Loads the party statements dataset (2003–2022) as a data.table. The dataset contains 83,201 official statements from party spokespersons and leadership meeting minutes from South Korea's two major political parties.

Usage

load_party_statements(
  path = NULL,
  format = c("parquet", "csv"),
  cache = TRUE,
  refresh = FALSE,
  data_version = NULL
)

Arguments

path

Character; path to a local CSV or Parquet file. If NULL (default), a managed artifact is used. If a managed download would be required, it is only attempted in an interactive session.

format

Character; requested storage format. Defaults to preferring "parquet" and falling back to "csv" when necessary.

cache

Logical; if TRUE (default), the data is cached as an RDS file in the user's cache directory for faster subsequent loads.

refresh

Logical; if TRUE, any existing cache is ignored and the source CSV is re-read. Defaults to FALSE.

data_version

Character or NULL; the data artifact version to load. Defaults to the latest available version.

Value

A data.table::data.table with the following columns:

ColumnDescription
noRow number / identifier
yearYear of the statement
ymdFull date (YYYY-MM-DD)
titleTitle of the statement
textFull text of the statement
filteredFiltered/preprocessed text indicator
partisanParty affiliation label
conservativeConservative party indicator
idUnique document identifier

See data_dictionary.md for the complete column reference, and the Data Descriptor (Table 9) for yearly entry counts by party.

Details

For full methodology and variable descriptions, see the Data Descriptor: Lim, T.H. (2025).
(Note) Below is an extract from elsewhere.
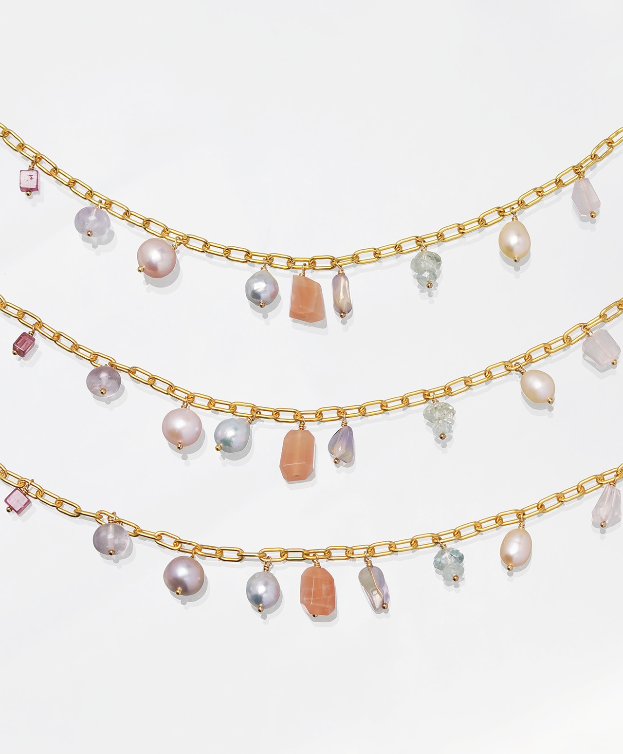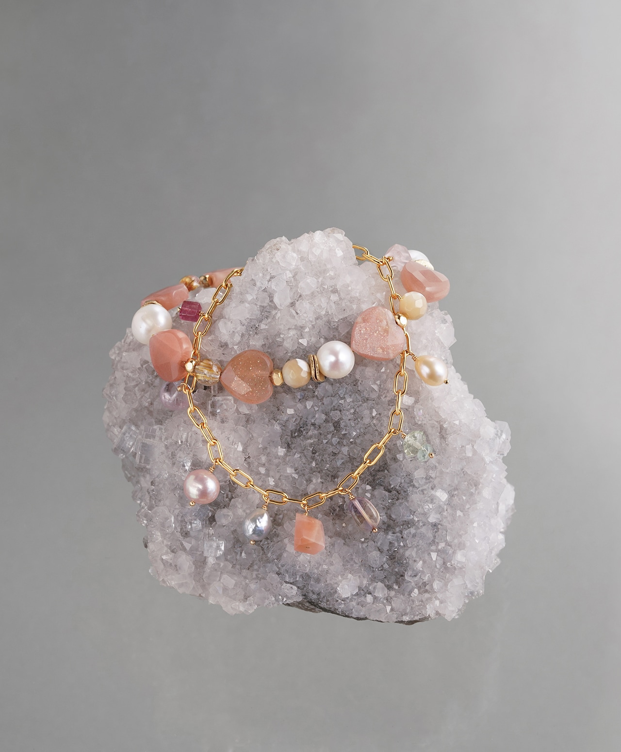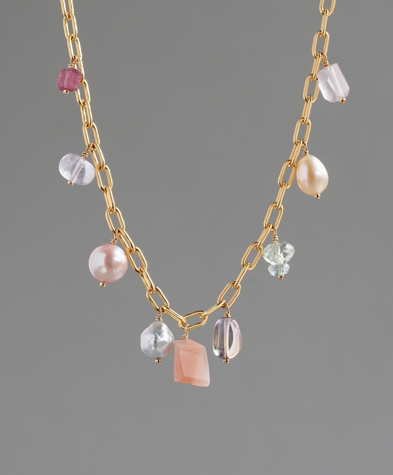 繊細なゴールドチェーンに踊るのは、やわらかなピンクオレンジムーンストーン(インド産)を中心に、アクアマリン、ローズクォーツ、アメシスト、アメトリン、ピンクトルマリンなど、多彩で透明感のある天然石たち。

Scientific Data, 12, 1030. doi:10.1038/s41597-025-05220-4

Examples

path <- tempfile(fileext = ".csv")
data.table::fwrite(
  data.table::data.table(
    year = 2020L,
    id = "ps-1",
    text = "statement text"
  ),
  path
)

ps <- load_party_statements(path = path, cache = FALSE)
#> Local file extension suggests format 'csv'; using that instead of requested 'parquet'.
ps
#>     year     id           text
#>    <int> <char>         <char>
#> 1:  2020   ps-1 statement text